WASHINGTON – A California dream researcher has proven something that wouldn’t surprise Mozart or Keith Richards.

It’s that dreaming is a great way to solve creative problems.

Dr. Sara Mednick, a sleep psychologist at the University of California, San Diego, found that subjects who, between morning and afternoon word-game sessions, took a nap that included a period of lively dreaming called REM sleep, improved their later scores by 40 percent.

Scores for those who merely rested or whose naps included no REM sleep didn’t budge, Mednick reports in Monday’s online edition of the Proceedings of the National Academy of Sciences.

REM sleep is the most conked-out stage of slumber, named after the rapid eye movement that characterizes it.

The idea that dreams have creative utility isn’t new. Richards, for one, has said that he dreamed the riff that underlies the Rolling Stones song “Satisfaction,” and Mozart claimed some of his music came to him in dreams.

But Mednick’s work sheds new light on the process.

In her experiment, REM sleepers scored higher in the afternoon mainly because they, at some level, recognized what the others didn’t: that half the words that that were the correct answers to the morning’s puzzles were also correct answers to the afternoon’s.

“REM sleep allowed subjects to access and utilize for creative problem solving supposedly irrelevant information,” Mednick said in an e-mail.

She theorizes that without thinking about it, REM sleepers created flexible new associations with the morning’s winning words while they were sleeping that made it easier to call up those words in the afternoon.

Creative problem-solving that entails dreams, Mednick continued, typically begins with a period of unsuccessful effort.

That’s followed by a decision to set the problem aside, then a lull in which the thinker does no conscious work to find a solution.

Finally, the fresh solution enters consciousness in a dream and is recognized upon awakening.

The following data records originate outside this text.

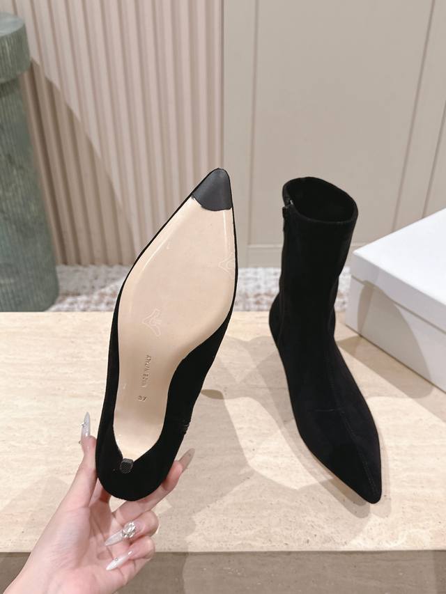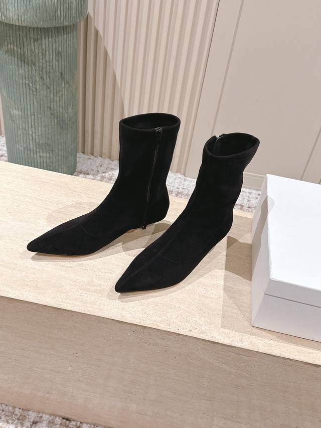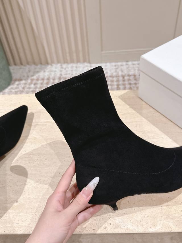 顶级版本: :The Ro* 真皮矮筒弹力骑士靴 DDD 采用上等真皮材质,质感柔软坚韧,触感佳且耐久性出色;高筒设计搭配弹力面料,能完美贴合腿部线条,同时给予小腿舒适包裹感。尖头造型时尚精致,可修饰脚部线条,让双脚更显修长;粗跟设计增加了靴子的稳定性,同时提升整体造型的时尚感与气场。 DDD 搭配紧身牛仔裤与简约上衣,展现帅气干练的风格。配上短裙与毛衣,凸显甜美可爱的气质。与长款连衣裙或大衣组合,散发出优雅迷人的韵味。 DDD 鞋面:弹力pu DDD 内里:羊皮 DDD 大底:真皮大底 DDD Size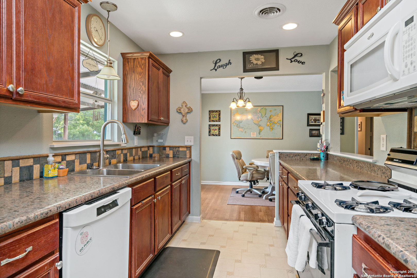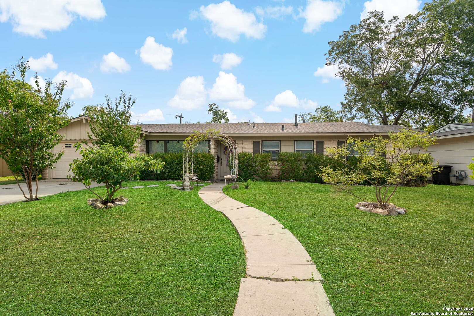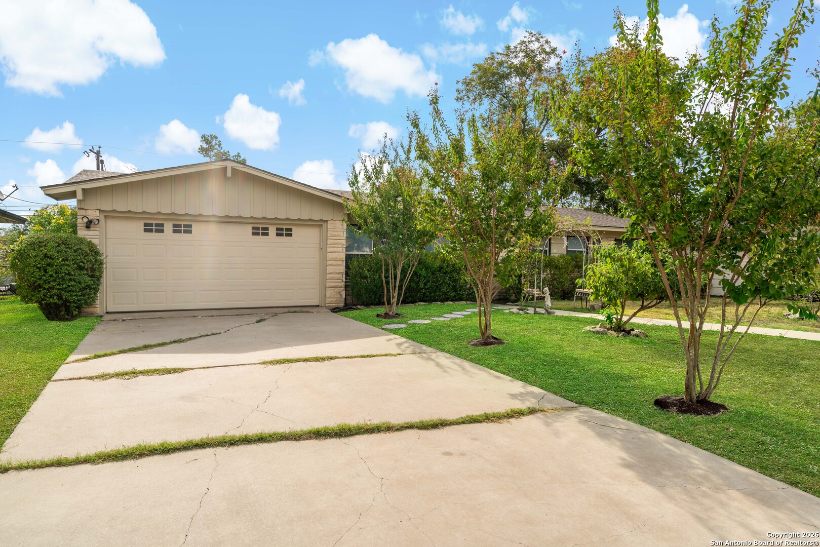 Welcome to 7706 Mertz Dr. Experience cozy living in this newly listed, single-story retreat, featuring a seamless open-concept layout offering 3 bedrooms, 2 baths, oversized 2-car garage, and an expansive backyard oasis designed for unforgettable family gatherings. No HOA. Conveniently located in central San Antonio, this cute home is a hop, skip and a jump away from various parks, golf courses, Airport, the Pearl, Zoo, Botanical Gardens and other downtown amenities. Just off Hwy 281 and Loop 410. Fresh paint in some rooms, orig. hardwood floors, with the following upgrades made within the last 5 years: roof, water heater & dishwasher. Ceiling fans in all bedrooms & living area. No carpet. Crown molding. Contemporary kitchen with lots of storage. Don't wait, make your appointment today!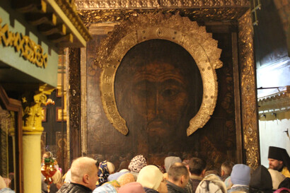В этот день в знаменитом Воскресенском соборе города Тутаева прошло традиционное осеннее перенесение чтимого образа Всемилостивого Спаса из летнего храма в зимний. Божественную литургию и чин перенесения чудотворной иконы совершили соборно: Митрополит Сыктывкарский и Коми-Зырянский Филипп; Архиепископ Салехардский и Ново-Уренгойский Николай; Епископ Рыбинский и Романово-Борисоглебский Вениамин. Этот торжественный чин совершается в Тутаеве дважды в год. Осенью, в воскресенье перед праздником Покрова Пресвятой Богородицы, образ переносят в отапливаемый зимний храм, а весной, в воскресенье перед празднованием перенесения мощей святителя Николая Чудотворца из Мир Ликийских в Бари, святыню с молитвой возвращают в летний храм. Визит Высокопреосвященнейшего митрополита Филиппа стал выражением братского общения и молитвенного единства между Сыктывкарской и Рыбинской епархиями. Кратко об образе. Историческая справка: Чудотворная икона «Всемилостивого Спаса» в Тутаеве Икона находится в Воскресенском соборе города Тутаева Ярославской области. Она называется «Нерукотворный Образ Всемилостивого Спаса». По преданию, икона принадлежит кисти преподобного Дионисия Глушицкого, уроженца Вологодской губернии, жившего в XV веке. Почерневший вид иконы объясняется тем, что в старину для сохранности их покрывали олифой, которая со временем темнеет. Со всех икон собора этот слой удалили, а с этой, по неизвестной причине, — нет. За многие века пребывания в храме этот образ Всемилостивого Спаса неоднократно прославлялся чудесами. По этой причине с него неоднократно делали списки. Один из них, созданный в Романове — важном иконописном центре Поволжья, — ныне находится в Музее имени Андрея Рублёва. Существует благочестивая традиция: с любовью и молитвой проползать на коленях под чудотворной иконой Спасителя. В киоте под иконой устроено специальное окошко. Ежедневно под образом проползают многие люди, получая по вере исцеление от болезней, разрешение проблем и утешение от душевной боли. О Воскресенском соборе Воскресенский собор является жемчужиной не только Тутаева, но и всего русского зодчества, уникальным памятником ярославской архитектуры XVII века. Построенный на правом берегу Волги, собор занимает господствующее положение и как бы парит над городом, будучи видимым со всех сторон. В небольшом приволжском городке смогли «всем миром» построить храм, который своими огромными размерами, изысканностью и богатством убранства может соперничать с крупнейшими сооружениями Москвы и Ярославля. Во время двух посещений Тутаева в Воскресенском соборе вел богослужение Патриарх Алексий II, который назвал собор «величественным и благолепным». Собор состоит из двух храмов — нижнего (теплого, зимнего) и верхнего (холодного, летнего). Нижняя церковь в честь Смоленской иконы Божией Матери была построена несколько раньше. Верхний Воскресенский храм и окружающая его с трех сторон галерея — спустя несколько лет. Высота нижней церкви — 5 метров, верхней — 13,5 метров (до купола — 24 метра).

And why does the magic moment tend to occur during REM or rapid-eye-movement sleep, as Mednick’s experiment suggests?

She theorizes that it’s a time when the brain’s neocortex, the part of its gray matter associated with thinking, is free to integrate fresh information and malleable ideas and memories into a new synthesis: a eureka moment.

The process works especially well for musicians, scientists and artists whose challenges are analogous to the neocortex’s, Mednick said.

That is, to make new connections among bits and pieces of familiar elements.

To test her findings, Mednick said, she recently applied the method to a hobby: songwriting.

She went to sleep, Mednick said, thinking of the word “pyrite,” as in “iron pyrite,” also known as fool’s gold, hoping to dream up a song of thwarted love.

She woke up, Mednick said, with the lyrics to “Love Like Pyrite” pouring out of her head, ready for her garage band to attack.

“I always dream music,” Mozart said. ‘I know all the music I have composed has come from a dream.”

And Mozart’s one of many profoundly creative dreamers. Among them:

Scottish writer Robert Louis Stevenson claimed that his 1886 novella about Dr. Jekyll and Mr. Hyde came to him in a dream.

Pianists Vladimir Horowitz and Leonid Hambro both said they discovered the technique for complicated passages of music in their dreams.

Elias Howe, the inventor of the sewing machine, said he discovered its key technology, a means of catching and tying thread, in a dream.

In it, natives bearing spears with holes in their tips led him to the idea of a hole in the jabbing tip of the machine’s needle.

French chemist August Kekule said he discovered the molecular structure of benzene in a dream that featured whirling snakes of carbon atoms.

More than half of mathematicians responded to a 1970 questionnaire that they’d solved at least one problem in a dream.